[WHAT IS REQUIRED]: Within the entries below, find the portion that opens with the line containing "初年度登録 | R6年7月 |" and closes with the line containing "Harbin opens its". Retype that portion exactly and only.

[GIVEN RECORDS]:

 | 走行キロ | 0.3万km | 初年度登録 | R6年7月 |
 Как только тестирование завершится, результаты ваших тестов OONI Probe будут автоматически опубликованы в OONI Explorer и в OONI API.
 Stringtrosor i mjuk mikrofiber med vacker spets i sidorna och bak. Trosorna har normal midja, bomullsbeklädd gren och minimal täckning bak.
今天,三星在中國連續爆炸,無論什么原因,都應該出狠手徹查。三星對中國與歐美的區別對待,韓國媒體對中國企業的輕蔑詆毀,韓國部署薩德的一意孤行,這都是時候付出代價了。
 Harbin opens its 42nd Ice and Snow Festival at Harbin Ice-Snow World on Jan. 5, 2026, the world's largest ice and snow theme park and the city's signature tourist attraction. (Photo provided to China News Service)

...

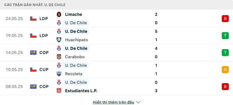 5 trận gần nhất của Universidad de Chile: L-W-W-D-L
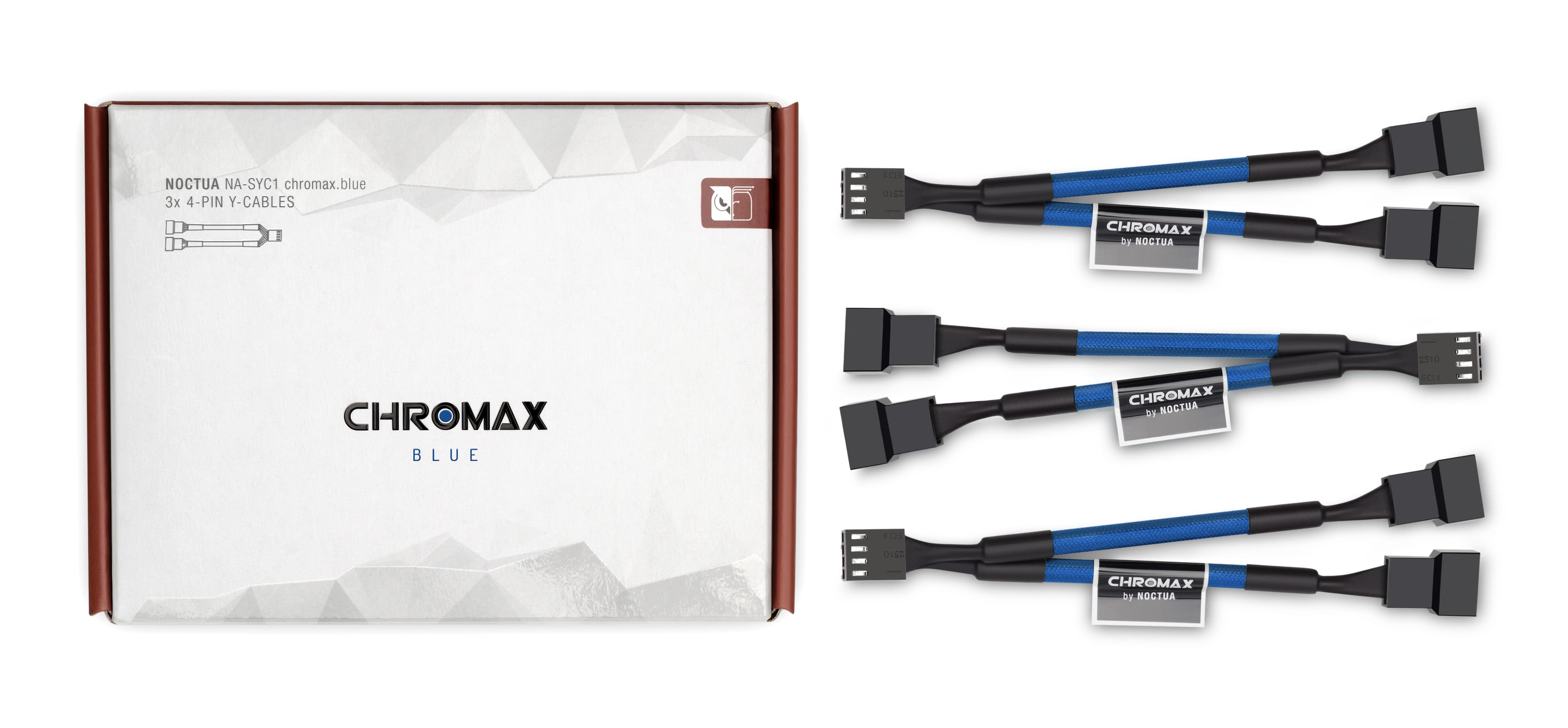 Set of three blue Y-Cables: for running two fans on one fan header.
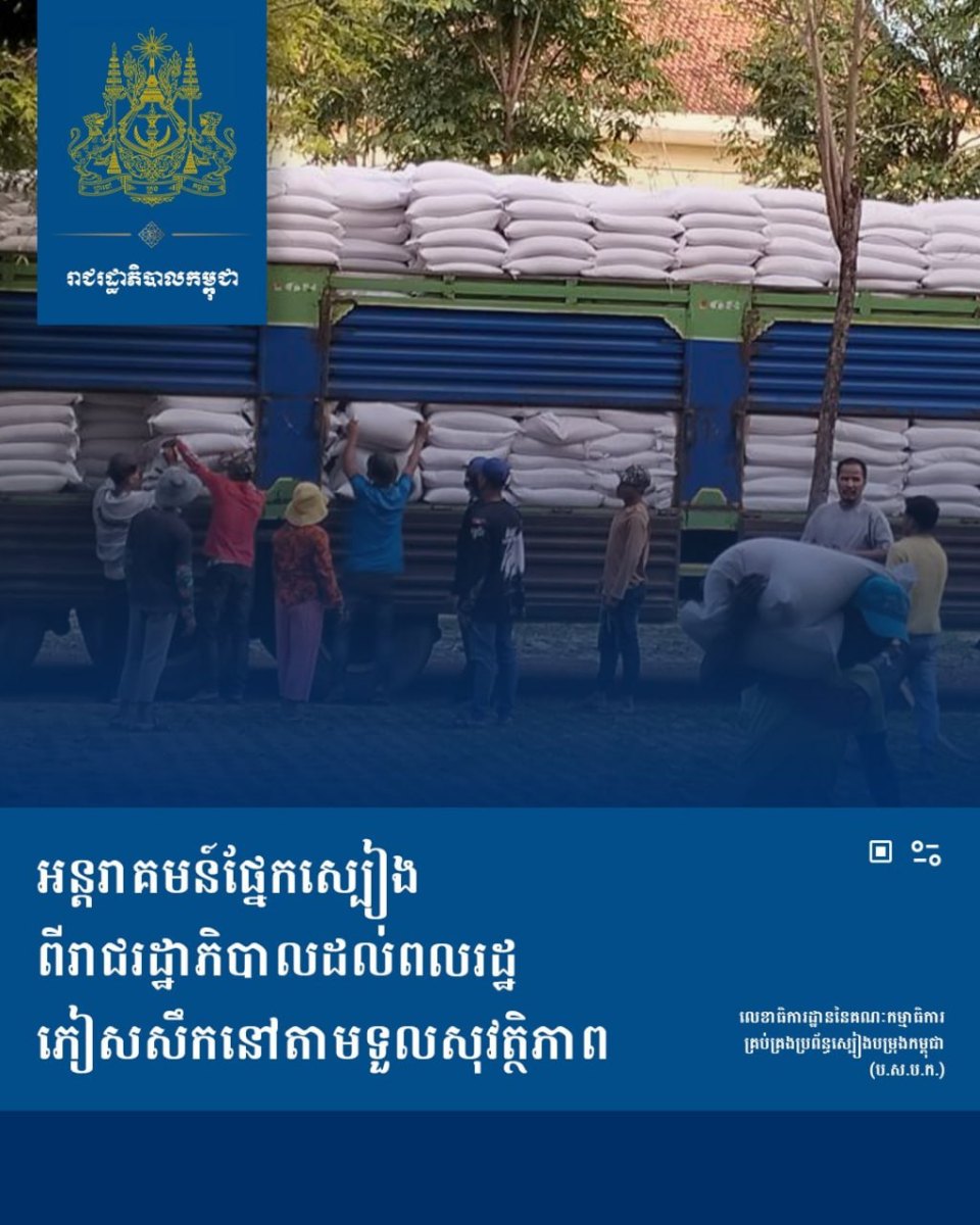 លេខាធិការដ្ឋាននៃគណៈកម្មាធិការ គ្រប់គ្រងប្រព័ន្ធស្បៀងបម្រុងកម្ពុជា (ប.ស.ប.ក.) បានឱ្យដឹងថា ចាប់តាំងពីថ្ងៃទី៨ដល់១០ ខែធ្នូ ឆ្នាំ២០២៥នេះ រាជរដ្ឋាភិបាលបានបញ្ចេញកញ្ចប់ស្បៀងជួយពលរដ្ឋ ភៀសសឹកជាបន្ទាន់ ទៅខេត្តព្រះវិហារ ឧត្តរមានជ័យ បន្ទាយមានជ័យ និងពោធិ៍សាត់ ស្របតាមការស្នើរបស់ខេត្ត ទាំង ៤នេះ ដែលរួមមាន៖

--

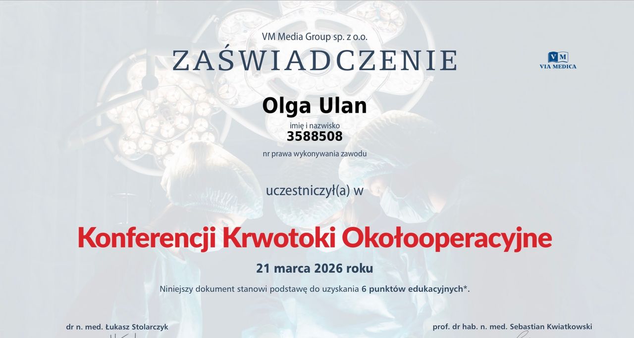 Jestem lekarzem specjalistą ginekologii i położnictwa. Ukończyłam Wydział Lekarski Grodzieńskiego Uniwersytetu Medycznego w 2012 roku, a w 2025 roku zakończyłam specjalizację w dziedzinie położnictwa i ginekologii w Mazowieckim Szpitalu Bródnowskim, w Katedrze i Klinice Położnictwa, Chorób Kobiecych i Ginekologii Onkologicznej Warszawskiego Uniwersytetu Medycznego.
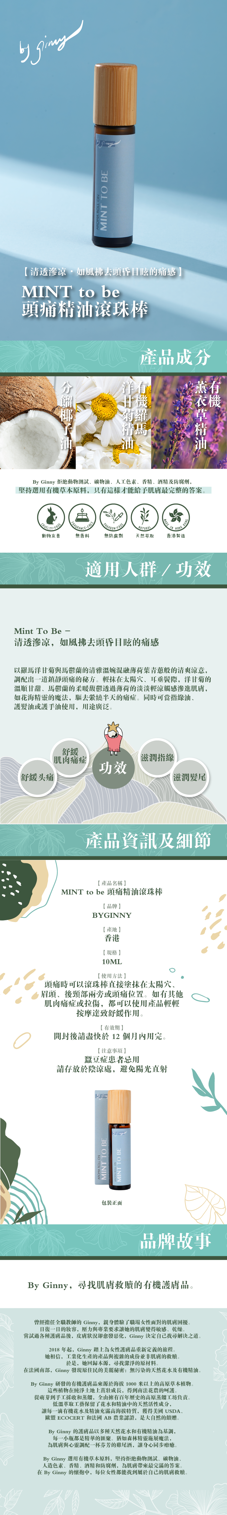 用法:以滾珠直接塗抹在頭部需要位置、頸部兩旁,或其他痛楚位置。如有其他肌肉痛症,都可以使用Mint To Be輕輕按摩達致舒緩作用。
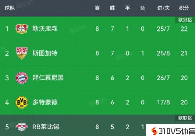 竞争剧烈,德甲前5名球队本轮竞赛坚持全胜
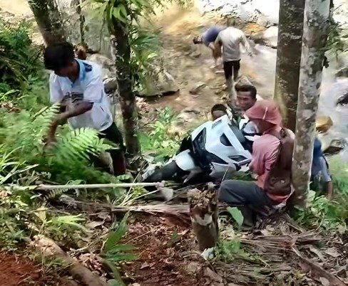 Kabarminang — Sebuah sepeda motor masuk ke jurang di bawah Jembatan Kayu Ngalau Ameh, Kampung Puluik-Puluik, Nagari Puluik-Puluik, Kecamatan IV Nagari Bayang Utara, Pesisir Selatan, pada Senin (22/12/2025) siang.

[WRITTEN ANSWER]:
 | 走行キロ | 0.3万km | 初年度登録 | R6年7月 |
 Как только тестирование завершится, результаты ваших тестов OONI Probe будут автоматически опубликованы в OONI Explorer и в OONI API.
 Stringtrosor i mjuk mikrofiber med vacker spets i sidorna och bak. Trosorna har normal midja, bomullsbeklädd gren och minimal täckning bak.
今天,三星在中國連續爆炸,無論什么原因,都應該出狠手徹查。三星對中國與歐美的區別對待,韓國媒體對中國企業的輕蔑詆毀,韓國部署薩德的一意孤行,這都是時候付出代價了。
 Harbin opens its 42nd Ice and Snow Festival at Harbin Ice-Snow World on Jan. 5, 2026, the world's largest ice and snow theme park and the city's signature tourist attraction. (Photo provided to China News Service)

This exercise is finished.